R: Clustering row/column categories on the basis of...

caCluster {CAinterprTools}

R Documentation

Clustering row/column categories on the basis of Correspondence Analysis coordinates from a space of user-defined dimensionality.

Description

This function plots the result of cluster analysis performed on the results of Correspondence Analysis, providing the facility to produce a dendrogram, a silhouette plot depicting the "quality" of the clustering solution, and a scatterplot with points coded according to the cluster membership.

Usage

caCluster(
  data,
  which = "both",
  dim = NULL,
  dist.meth = "euclidean",
  aggl.meth = "ward.D2",
  opt.part = FALSE,
  opt.part.meth = "mean",
  part = NULL,
  cex.dndr.lab = 0.85,
  cex.sil.lab = 0.75,
  cex.sctpl.lab = 3.5
)

Arguments

`data`	Contingency table (dataframe format).
`which`	Takes "both" to cluster both row and column categories; "rows" or "columns" to cluster only row or column categories respectively
`dim`	Sets the dimensionality of the space whose coordinates are used to cluster the CA categories; it can be an integer or a vector (e.g., c(2,3)) specifying the first and second selected dimension. NULL is the default; it will make the clustering to be based on the maximum dimensionality of the dataset.
`dist.meth`	Sets the distance method used for the calculation of the distance between categories; "euclidean" is the default (see the help of the help if the dist() function for more info and other methods available).
`aggl.meth`	Sets the agglomerative method to be used in the dendrogram construction; "ward.D2" is the default (see the help of the hclust() function for more info and for other methods available).
`opt.part`	Takes TRUE or FALSE (default) if the user wants or doesn't want an optimal partition to be suggested; the latter is based upon an iterative process that seek for the maximization of the average silhouette width.
`opt.part.meth`	Sets whether the optimal partition method will try to maximize the average ("mean") or median ("median") silhouette width. The former is the default.
`part`	Integer which sets the number of desired clusters (NULL is default); this will override the optimal cluster solution.
`cex.dndr.lab`	Sets the size of the dendrogram's labels. 0.85 is the default.
`cex.sil.lab`	Sets the size of the silhouette plot's s labels. 0.75 is the default.
`cex.sctpl.lab`	Sets the size of the Correspondence Analysis scatterplot's labels. 3.5 is the default.

Details

The function provides the facility to perform hierarchical cluster analysis of row and/or column categories on the basis of Correspondence Analysis result. The clustering is based on the row and/or colum categories' coordinates from:
(1) a high-dimensional space corresponding to the whole dimensionality of the input contingency table;
(2) a high-dimensional space of dimensionality smaller than the full dimensionality of the input dataset;
(3) a bi-dimensional space defined by a pair of user-defined dimensions.
To obtain (1), the 'dim' parameter must be left in its default value (NULL);
To obtain (2), the 'dim' parameter must be given an integer (needless to say, smaller than the full dimensionality of the input data);
To obtain (3), the 'dim' parameter must be given a vector (e.g., c(1,3)) specifying the dimensions the user is interested in.

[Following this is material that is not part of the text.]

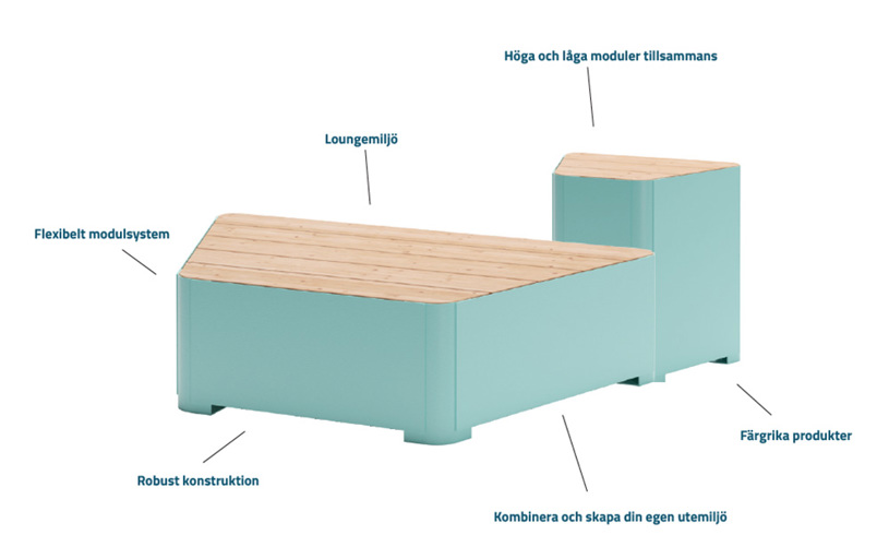 I sortimentet finns både höga och låga moduler som kan kombineras med varandra, för att du ska kunna bygga ihop en unik utemiljö som passar just ditt projekt. Med hjälp av våra inspirationsritningar och nedladdningsbara dwg-filer kan du enkelt se hur varje separat modul kan bidra till en helhet.
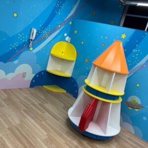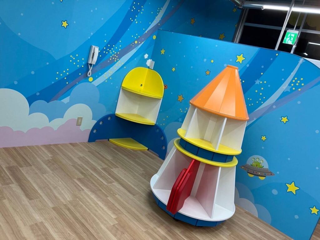 - ロケット型の遊具やカラフルな収納家具など、子どもたちの興味を引き、遊びながら学べる環境を整備しました。

The method by which the distance is calculated is specified using the 'dist.meth' parameter, while the agglomerative method is specified using the 'aggl.meth' parameter. By default, they are set to "euclidean" and "ward.D2" respectively.

The user may want to specify beforehand the desired number of clusters (i.e., the cluster solution). This is accomplished feeding an integer into the 'part' parameter. A dendrogram (with rectangles indicating the clustering solution), a silhouette plot (indicating the "quality" of the cluster solution), and a CA scatterplot (with points given colours on the basis of their cluster membership) are returned. Please note that, when a high-dimensional space is selected, the scatterplot will use the first 2 CA dimensions; the user must keep in mind that the clustering based on a higher-dimensional space may not be well reflected on the subspace defined by the first two dimensions only.
Also note:
-if both row and column categories are subject to the clustering, the column categories will be flagged by an asterisk (*) in the dendrogram (and in the silhouette plot) just to make it easier to identify rows and columns;
-the silhouette plot displays the average silhouette width as a dashed vertical line; the dimensionality of the CA space used is reported in the plot's title; if a pair of dimensions has been used, the individual dimensions are reported in the plot's title;
-the silhouette plot's labels end with a number indicating the cluster to which each category is closer.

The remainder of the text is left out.